The rest of us will be over here wishing the champagne weren't so flat.
If the remarkably resistible romcom New Year's Eve is a commercial hit, as his Valentine's Day was, director Garry Marshall just might work his way through every conceivable holiday as a calendar-determined premise.
Well, let's see, Groundhog Day is taken. As are Halloween and Independence Day. How about Flag Day? Are you ready for Arbor Day? April Fool's Day? Will you line up to see Columbus Day?
But I digress.
Not surprisingly, Valentine's Day was a mediocre grab bag of vignettes, long on cameo appearances but short on credibility. His followup, another ensemble romantic comedy from the more-is-more school of moviemaking, invites half of Hollywood to the New Year's Eve party.

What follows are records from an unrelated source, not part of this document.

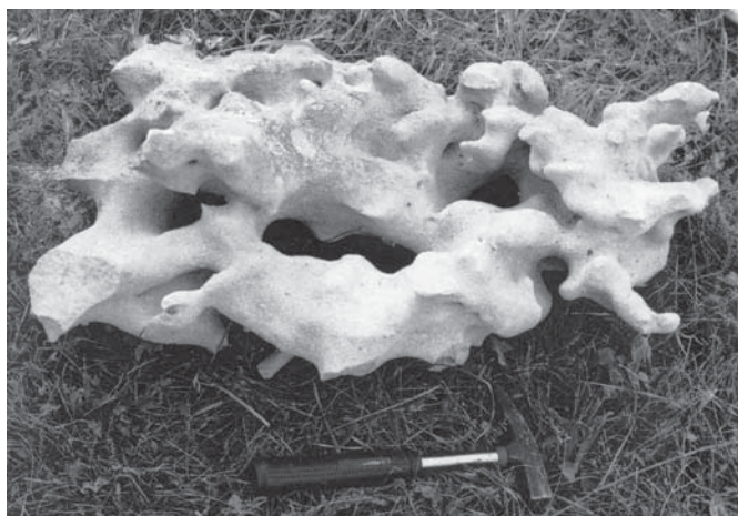
6. ábra A földpátos homokból kimosódott bizarr formájú, meszes kötőanyagú homokkő konkréciónak (mérete: 70 × 40–50 cm) Fig. 6. Lime-bonded sandstone concretion of a bizarre form washed out from the feldspar-containing sand (size: 70 × 40–50 cm)

A pécsváradi homokbánya legfelső szintjén a homokrétegek már vízszintesen települnek, ami azt jelzi, hogy ezen üledékrétegek lerakódása után már nem volt az üledékrétegeket megbillentő epirogenetikus mozgás, mint a mélyebben levő szintek homokrétegeinek képződésekor, illetve azt követően.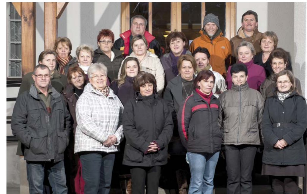
BÉKÉS KARÁCSONYT ÉS BOLDOG ÚJÉVET KÍVÁNNAK AZ ÖNKORMÁNYZAT DOLGOZÓI ÉS A KÉPVISELŐTESTÜLET!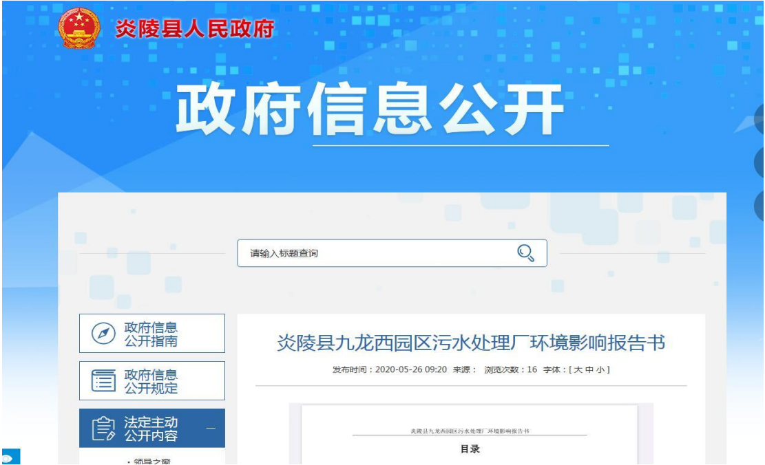
图 3-1 网络公示截图

许可信息网(炎陵县九龙西园区污水处理厂环境影响评价第二次公示 | 湖南公众参与调查公示平台 https://www.hnhppw.com/gongshi/4/868.html ) 进行网上公示; 网上公示见图 3-1、图 3-2。)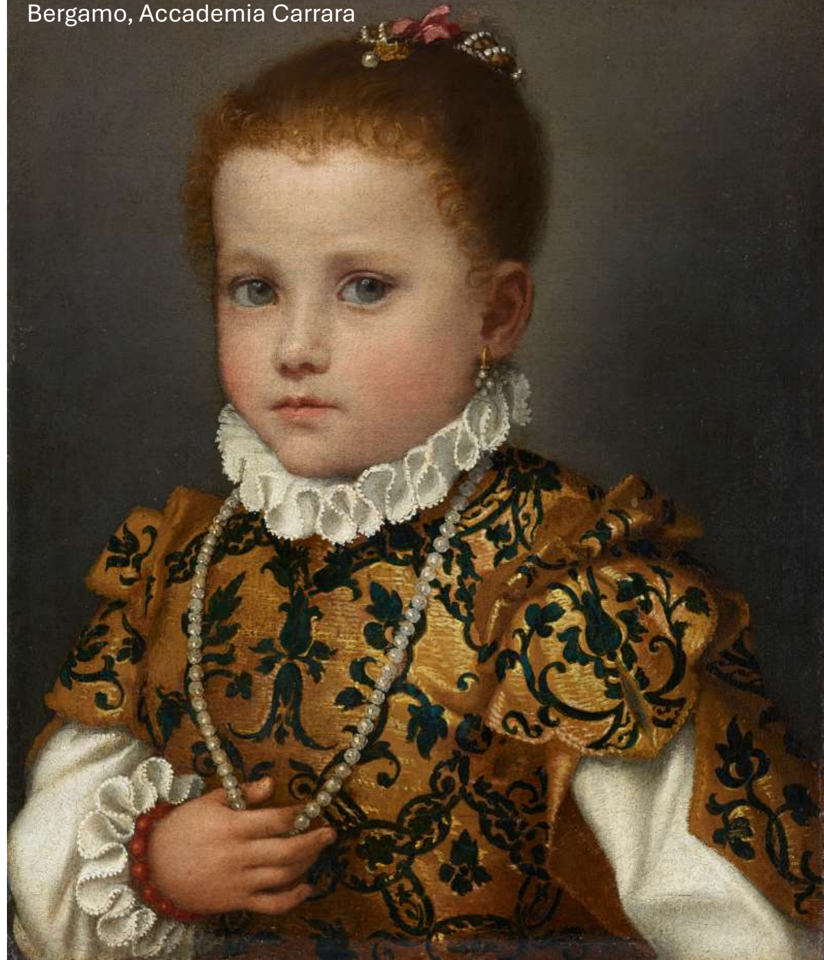
Bambina di casa Redetti , 1570-73 Bergamo, Accademia Carrara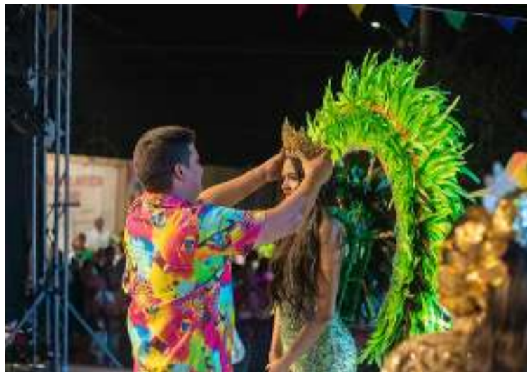
El alcalde solicitó a la comunidad acompañar a la Reina en cada una de las actividades del Carnaval.

DESTACADO Berardinelli dijo que se tiene garantizada la seguridad, para que la comunidad pueda disfrutar con tranquilidad de cada una de las actividades programadas.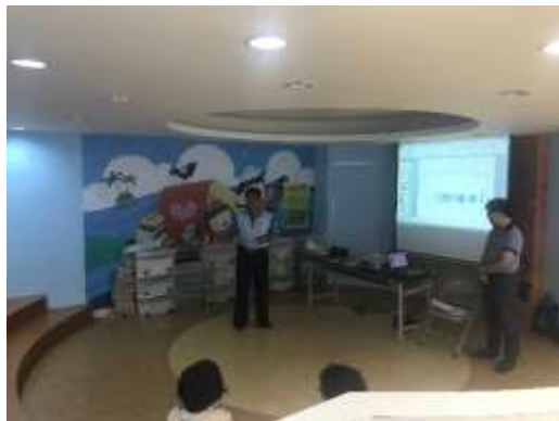
英語教學與課程規劃進修

That includes Robert De Niro as a dying man, Katherine Heigl as a caterer, Sarah Jessica Parker as a worried mom, Zac Efron as a courier, Josh Duhamel as a traveling businessman, Michelle Pfeiffer as an executive secretary, Halle Berry as a nurse, Ashton Kutcher as an elevator passenger, Hilary Swank as a Times Square executive, Jon Bon Jovi as a rock star, Carla Gugino as a midwife, Seth Meyers as an expectant dad, Sofia Vergara as a chef, Ludacris as a Times Square cop, Lea Michele as a backup singer, Abigail Breslin as a frustrated daughter, Ryan Seacrest as himself, and Marshall's good-luck charm, Hector Elizondo, as a guy on the ball.

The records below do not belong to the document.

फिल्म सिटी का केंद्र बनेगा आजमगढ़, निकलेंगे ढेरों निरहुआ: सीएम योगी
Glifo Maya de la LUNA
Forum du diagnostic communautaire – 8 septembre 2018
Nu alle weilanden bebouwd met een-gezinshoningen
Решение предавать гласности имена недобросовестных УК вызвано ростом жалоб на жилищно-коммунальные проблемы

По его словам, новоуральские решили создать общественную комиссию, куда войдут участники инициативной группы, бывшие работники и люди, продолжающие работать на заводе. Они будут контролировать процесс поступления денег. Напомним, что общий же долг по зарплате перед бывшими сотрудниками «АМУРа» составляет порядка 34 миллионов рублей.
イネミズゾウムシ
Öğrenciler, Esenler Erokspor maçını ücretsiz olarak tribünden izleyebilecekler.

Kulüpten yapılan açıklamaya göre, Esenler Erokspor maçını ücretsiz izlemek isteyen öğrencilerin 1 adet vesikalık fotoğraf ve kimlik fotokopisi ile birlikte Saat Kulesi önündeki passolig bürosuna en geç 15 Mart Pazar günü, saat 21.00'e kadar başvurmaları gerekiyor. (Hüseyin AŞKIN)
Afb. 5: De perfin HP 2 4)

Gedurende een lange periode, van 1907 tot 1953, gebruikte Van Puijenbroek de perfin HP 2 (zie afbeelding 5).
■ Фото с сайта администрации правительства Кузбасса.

Among many others. Not that there's anyone left unemployed.
And their many different romantic and melodramatic storylines involving cardboard-cutout characters on the final day of the year and New York City's Times Square (speaking of dropping the ball) crisscross and intersect until the stroke of midnight.
Producer and director Marshall (Pretty Woman, Runaway Bride, The Princess Diaries, Beaches), once again functioning as a virtual traffic cop, brings back Valentine's Day's Jessica Biel and Kutcher while welcoming the thriving local populace to his cast and then letting everyone alone to act in whatever style each of them sees fit.
Why bother with uniformity at a to-each-his-or-her-own performance bash?
The result feels shallow and cynical and thoughtless and extravagantly inconsequential. Dramatically, the film is about as urgent and compelling as a broadcast of "New Year's Rockin' Eve" on television on the night in question.
The script by Katherine Fugate, who also wrote the screenplay for Valentine's Day, is Necco-wafer thin, dangling fragments of stories and fleeting sketches and then snatching them away before we develop any kind of cerebral interest in, or emotional attachment to, any of the subplots.
We gawk and then they're gone. Somebody turn off the lights.
So we'll count down 2 stars out of 4 for this lightweight, celebrity-stuffed omnibus, New Year's Eve. Like the song almost says, should our acquaintance with it be forgot and never brought to mind? Sounds like a plan.